Segundo o artigo 225 da Constituição Federal, “todos têm direito ao meio ambiente ecologicamente equilibrado, bem de uso comum do povo e essencial à sadia qualidade de vida, impondo-se ao Poder Público e à coletividade o dever de defendê-lo para as presentes e futuras gerações”.
Assim, no atual momento de pandemia, a reclamada deve se preocupar não só com a saúde de seus funcionários, mas também com a de terceiros:
“Repito, ainda que a vida fosse disponível, a presença do autor no ambiente interno ou externo de trabalho pode gerar risco de transmissão para terceiros. O vínculo de relacionamento com os demais colegas de trabalho pretendido pode ocasionar a ifecção e, no pior dos cenários, a morte de um dos companheiros de trabalho ou de terceiros, isto considerando apenas estes, já que, incontroversamente, o reclamante não se mostra preocupado com sua própria vida, vez que assume, spont sua, o risco de retornar ao trabalho. É obrigação dos empregadores defender o meio ambiente de trabalho e geral, sendo sua responsabilidade objetiva, orientando-se pela teoria do risco integral, segundo a qual, quem exerce uma atividade da qual venha ou pretende fruir um benefício, tem que suportar os riscos dos prejuízos causados pela atividade, independentemente da culpa. Acolher a súplica do trabalhador seria, no entendimento deste julgador, elevar seu direito de gozar de uma vida com qualidade, em detrimento de prejuízos causados a saúde de seus companheiros de trabalho. Francamente, a situação ora analisada não pode ser resolvida analisando-se, apenas, autor e réu da ação, ao reverso, qualquer decisão tomada por este juízo nos presentes autos deve ter responsabilidade com terceiros que, direta ou indiretamente, sofrerão as consequências do entendimento aqui chegado.”
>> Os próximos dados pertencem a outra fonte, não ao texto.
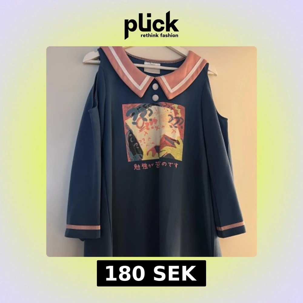 Unik blå kortklänning/tunika med rosa sailor-krage och vita detaljer. Långärmad modell med cold shoulder och tryck framtill i pastellfärger samt japansk text. Snygga knappar vid halsen och rosa kantband på ärmar och nederkant. Perfekt för dig som gillar kawaii-stil! Den är storlek M men passar mer som en storlek S. Den passar perfekt som en tunika med en söt kol under!!<3

– Manutenção psicológica e física do reclamante:
O pedido de retorno ao trabalho presencial com o objetivo de restaurar a saúde psicológica e física do reclamante não é capaz de superar a restrição imposta a toda a coletividade, segundo o Magistrado.
Explanou que há outras opções para fins de sanar a moléstia adquirida pelo reclamante como, por exemplo, a prática de esportes e de demais atividades de uma vida normal, com as devidas recomendações sanitárias.
Ainda, finaliza:
“É incontestável que todos nós temos direito ao lazer, ao trabalho e a diversos outros direitos fundamentais, entretanto, quase todos os direitos fundamentais sofreram restrições, em face do direito à vida. Nada mais justo que esse dissabor da vida seja suportado pelo reclamante. Diga-se, ainda, que mesmo em se falando de direitos fundamentais, estes não são absolutos, podendo ter seu alcance mitigado em prol de terceiros.
(…)
O “novo normal” não agrada a todos, mas deve ser respeitado. A empatia de toda a sociedade será necessária para superarmos esse marco histórico.”
Dado o desfecho da ação, a Caixa Econômica Federal informou que “reitera seu estrito respeito às decisões judiciais”.